Larry Humes: The one loss was during my freshman year. We lost by five points. At the time I did not see myself as a "racial pioneer", but looking back on it now I guess I was. I was just fortunate to have Bud as a coach because he treated everyone the same.
JT: In 1962 you were named Indiana's Mr. Basketball and MVP of the Indiana-Kentucky All-Star game. How big a deal was the All-Star game back in the day, and why did you decide to go to Evansville?
LH: The all-star game was big back then, and being named Mr. Basketball was a dream come true. We played one game in Indiana and one in Kentucky, and I was named MVP of one of the games. I had several offers from schools like UCLA and Purdue, but Coach Ritter (who was from Evansville) told me that Evansville was the best place for me due to several factors: a good brand of basketball, a new stadium, etc. We had a very hard non-conference Division I schedule (LSU, Notre Dame, etc.), so once we got to our conference schedule it was easy. I have no regrets about my college choice.
JT: At Evansville you played for legendary coach Arad McCutchan, who still holds the Division II record for most national titles with five. What made him such a great coach, and what was the most important thing he ever taught you?
LH: Coach McCutchan was way ahead of his time. He was fundamentally sound and a great teacher. We were like one big happy family. He was a fanatic when it came to conditioning and we felt like we could play two games a night if we had to. I learned a whole lot from him both on and off the court, just as I did with Coach Ritter.
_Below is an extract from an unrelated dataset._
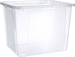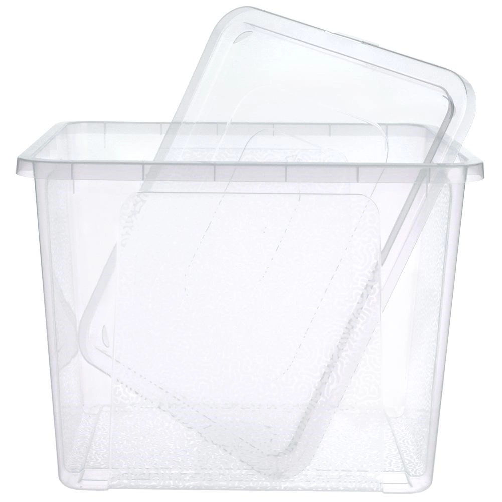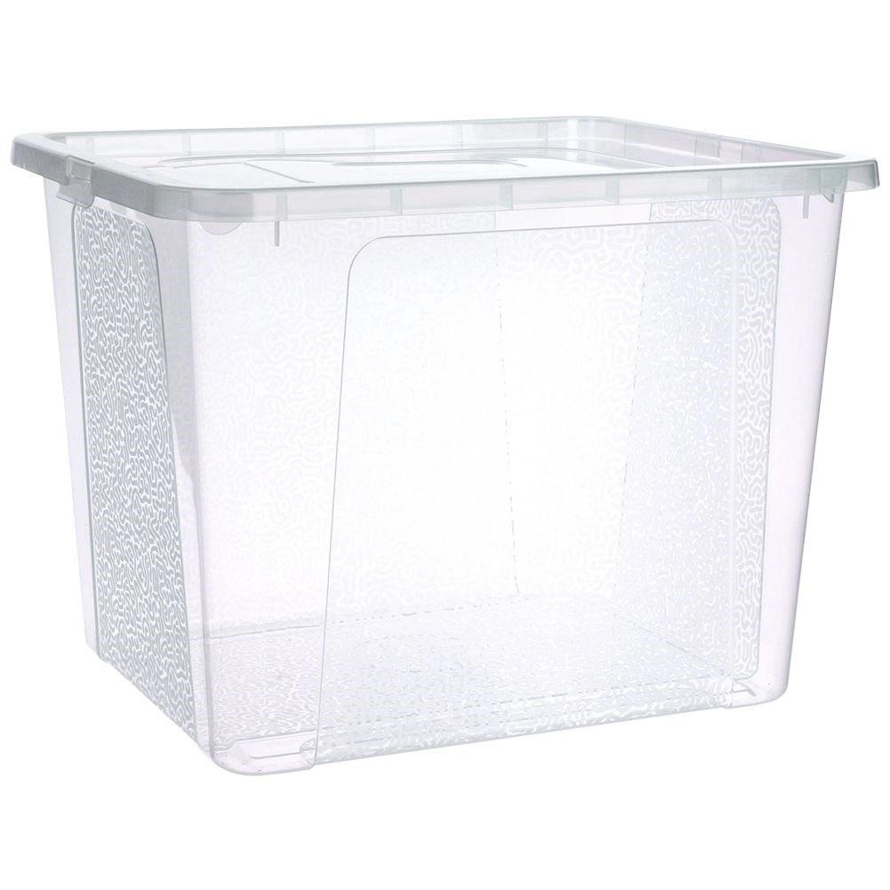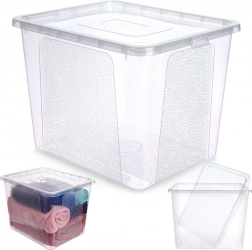 Den multifunktionelle opbevaringsboks med låg er uundværlig til organisering og pladsbesparelse på hylder, i skabe og reoler. Det gennemsigtige design muliggør hurtig identifikation af indholdet, mens den lette og samtidig stærke konstruktion sikrer lang holdbarhed og nem håndtering. Den diskrete dekoration på siderne giver boksen et stilrent udseende.
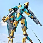全身のイメージの筋トレ(20230605-2) 月に関連付けたモチーフをこんな感じで入れてました。 ①満月を模した飾りえり ②月見団子型の肩アーマー ③三日月型の角 ④月のうさぎの杵 ⑤三日月型の肘パット ⑥満月の前垂れ模様 ⑦三日月の抜き穴 #かたち屋さん #今朝の筋トレ #オリキャライラスト

JT: One of your teammates was future Hall of Famer Jerry Sloan, who was a two-time Division I tournament MOP. What made Sloan such a great player, and did you get the sense back then that he wanted to go into coaching?
LH: Jerry is just a country boy from Illinois who was a hard worker and a good defender. He deserves everything that he received and has turned out to be a great coach. Even though he is a millionaire he never forgot where he came from. We became good friends and have remained in contact. I saw him speak at a banquet a couple of years ago. Someone asked him who was the best player he ever played against and he pointed at me and said, "Well that is easy. He is sitting right here in the audience."
JT: In 1965 your team went 29-0, capped off by a three-point overtime win over Walt Frazier's SIU team en route to your second straight national championship. How was your team able to stay focused every night throughout the season, and did you think that Frazier was going to ruin your perfect season?
LH: Walt was only the third-best player on his own team, which most people do not realize. We played them three times that year and won all three by a total of only five points. We knew them and they knew us and we both respected each other.
JT: You were a two-time All-American. What did it mean to you to win such outstanding individual honors?
LH: You cherish every honor you get, but you cannot do it without good teammates and a good coach. When you are young you do not cherish the awards as much as when you get older.
JT: You remain the all-time leading scorer in school history. Did you realize at the time how prolific a player you were, and do you think anyone will ever break your record?
LH: At the time I did not. I just tried to play to the best of my ability and played hard in every game. It is a great honor, especially because it was before the three-point line. Someone will probably break it someday (I own a couple of other records as well), but records are made to be broken.
JT: In the summer of 1968 you were drafted by Cincinnati but did not make the team. Were you thrilled to have been drafted or disappointed to not make the roster?
LH: I actually got drafted by Chicago in 1966. They only had about 10 teams in the league at the time but if there were more teams then I think I would have made it. I was an offensive forward/defensive guard, while Jerry was an offensive guard/defensive forward. I had a chance to go to Europe but turned it down because I did not know what country I would end up in. I also turned down an offer from the Harlem Globetrotters because I always took basketball seriously. I guess I was a bit disappointed, but I can live with it.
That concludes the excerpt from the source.